2️⃣ What is Machine Learning?

Machine Learning = Giving computer ability to learn patterns from data without explicitly programming rules.

Traditional Programming:

Input + Rules → Output

Machine Learning:

Input + Output → Model → Predict future Output

3️⃣ Types of Machine Learning (From Your Syllabus)

🔹 Supervised Learning

(Data has labels)

Example:

House size → price
Email → spam/not spam

🔹 Unsupervised Learning

(No labels)

Example:

Customer segmentation
Grouping similar products

🔹 Reinforcement Learning

(Not in your syllabus but good to know)

Agent learns by reward & punishment.

4️⃣ Data Preprocessing (VERY IMPORTANT – 40% of real work)

Raw data is messy.

Real-world data contains:

Missing values
Outliers
Noise
Inconsistent format

🔹 Handling Missing Data

Options:

Remove rows
Fill with mean
Fill with median
Fill with mode

🔹 Encoding Categorical Variables

Machine understands numbers, not text.

Example:

Gender:

Male → 0
Female → 1

🔹 Normalization

Used when scale differs.

Example:

Age → 18 to 60
Salary → 10,000 to 5,00,000

If not normalized → model becomes biased.
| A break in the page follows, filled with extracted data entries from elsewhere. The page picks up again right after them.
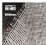
Vista de la Cooperativa Inimbo. Rama alcega.
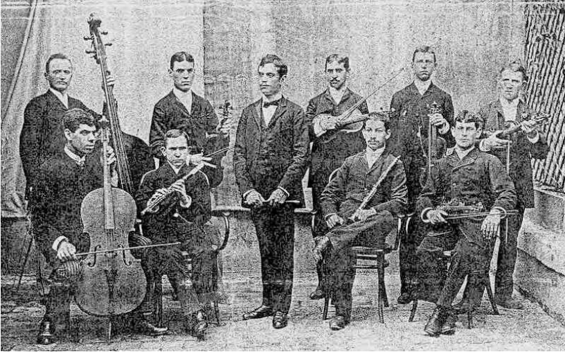
Ismeretlen veszprémi zenekar az 1890-es évekből
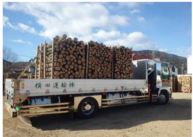
トラックで配送される原木

さらに、一日も早く県内産の安全な原木を生産者にご利用いただくため、県内原木林の萌芽更新や植栽による再生に向けた実証的な取組も引き続き行ってまいります。
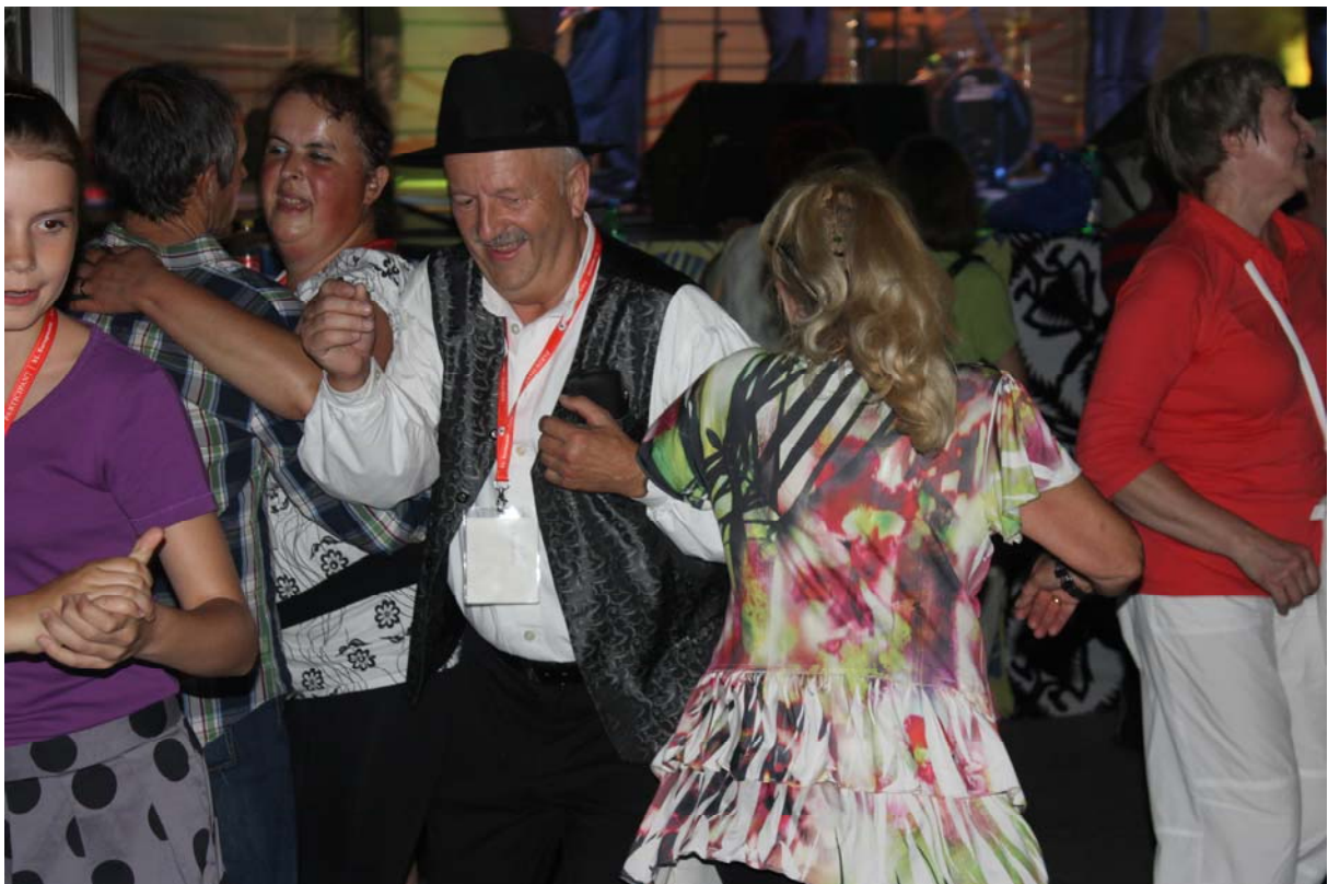
Nočno življenje- cela ulica nori....
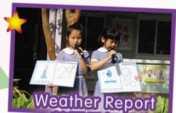
Weather Report 英語天氣報告

Our English programmes create the chance for students to use vivid and interesting English for communication.
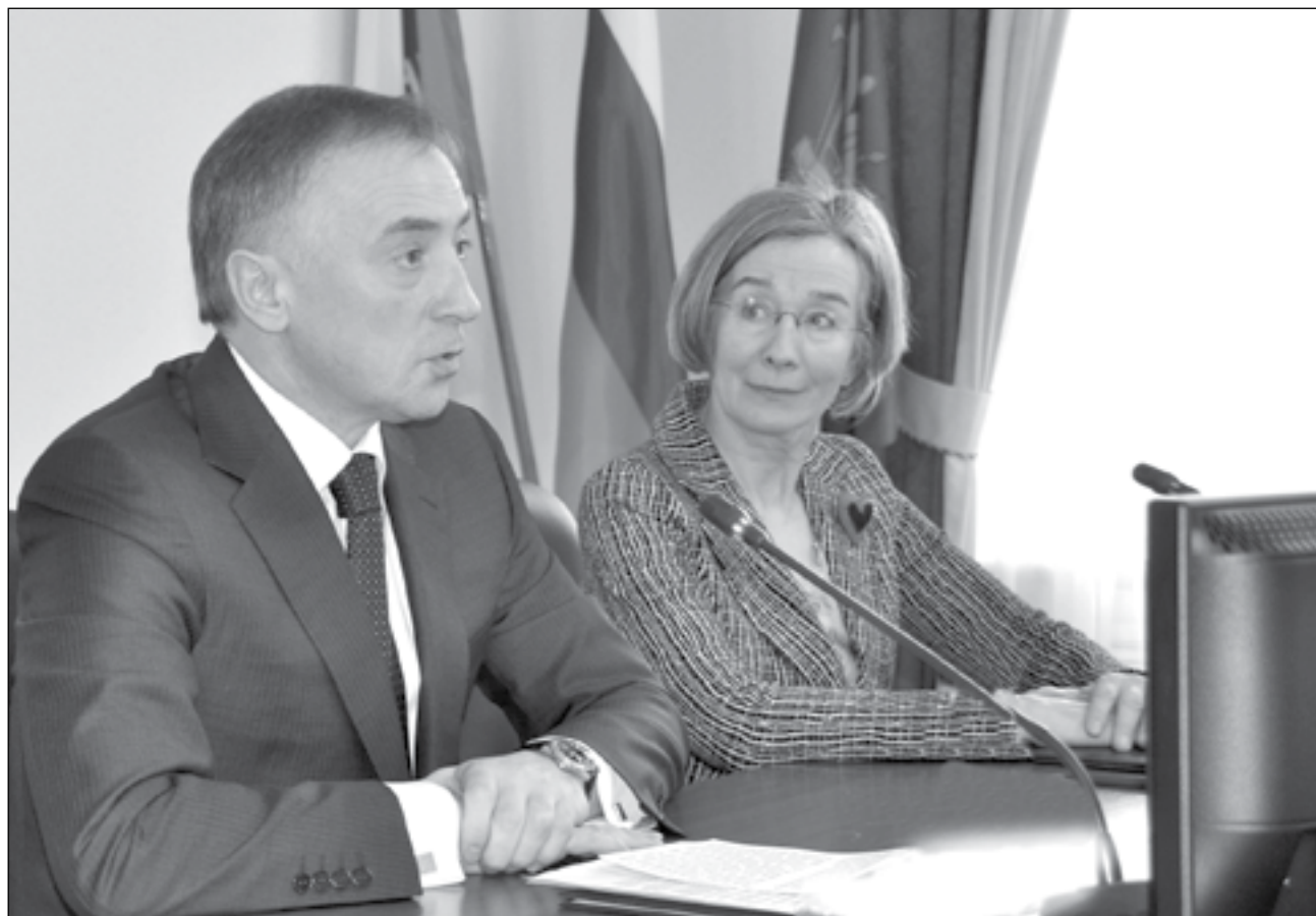
Глава администрации Тобольска Владимир Мазур и Чрезвычайный и Полномочный Посол Королевства Швеции в Российской Федерации Вероника Бард Брингеус

В минувшие выходные Тобольск встречал шведскую делегацию во главе с Чрезвычайным и Полномочным Послом Королевства Швеции в Российской Федерации Вероникой Бард Брингеус.

5️⃣ Exploratory Data Analysis (EDA)

EDA means: Understanding data before modeling.

We use:

Mean
Median
Standard deviation
Correlation
Histograms
Boxplots

6️⃣ Correlation (Very Important for Regression Later)
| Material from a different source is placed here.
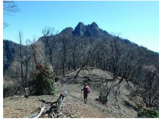
傾山頂上へ、しばらくはなだらかな道
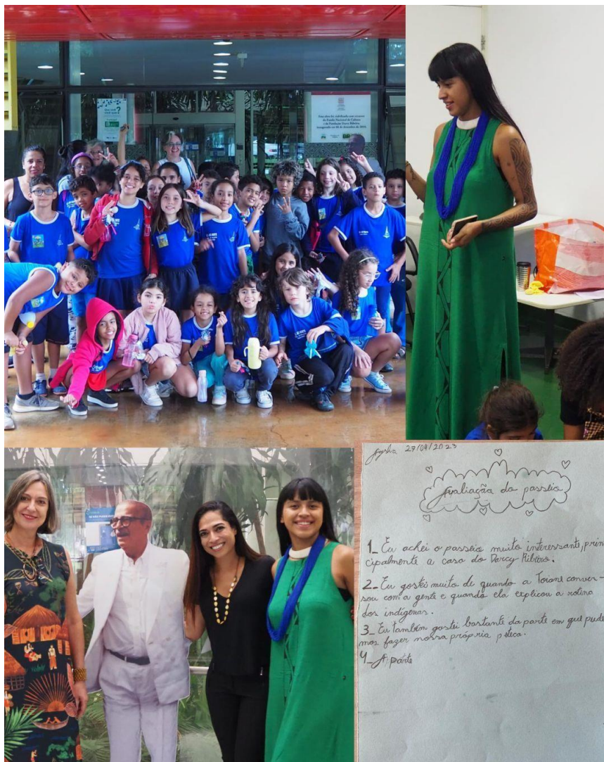
Imagem 5: Evento: Arquivos, Memórias e Saberes Indígenas

Correlation measures: How strongly two variables are related.

Value range:

+1 → perfect positive
0 → no relation
-1 → perfect negative

Example:

Study hours vs marks → positive
Speed vs time → negative

🔵 PHASE 2: SUPERVISED LEARNING – REGRESSION

This is where math meets data.

Regression = predicting continuous values.

Examples:

House price
Temperature
Sales forecast
Stock value

1️⃣ What is Regression?

Regression is used when output is numerical.

Example:

House Size	Price
1000 sq ft	20L
1500 sq ft	30L
2000 sq ft	40L

We want to find a function:

y = f(x)

Where:

x = input
y = output

2️⃣ Simple Linear Regression (SLR)

The most basic regression model.

Formula:

y = mx + c

Where:

m = slope
c = intercept

This equation gives us a straight line.

What Does Slope (m) Mean?

Slope tells: How much y changes when x increases by 1.

Example:

If m = 5

Then for every 1 unit increase in x, y increases by 5.

What is Intercept (c)?

When x = 0

y = c

It is starting value.

3️⃣ Assumptions of Linear Regression (Interview Important)

Linearity
Independence
Homoscedasticity
Normal distribution of errors

Don't memorize blindly. Understand logic.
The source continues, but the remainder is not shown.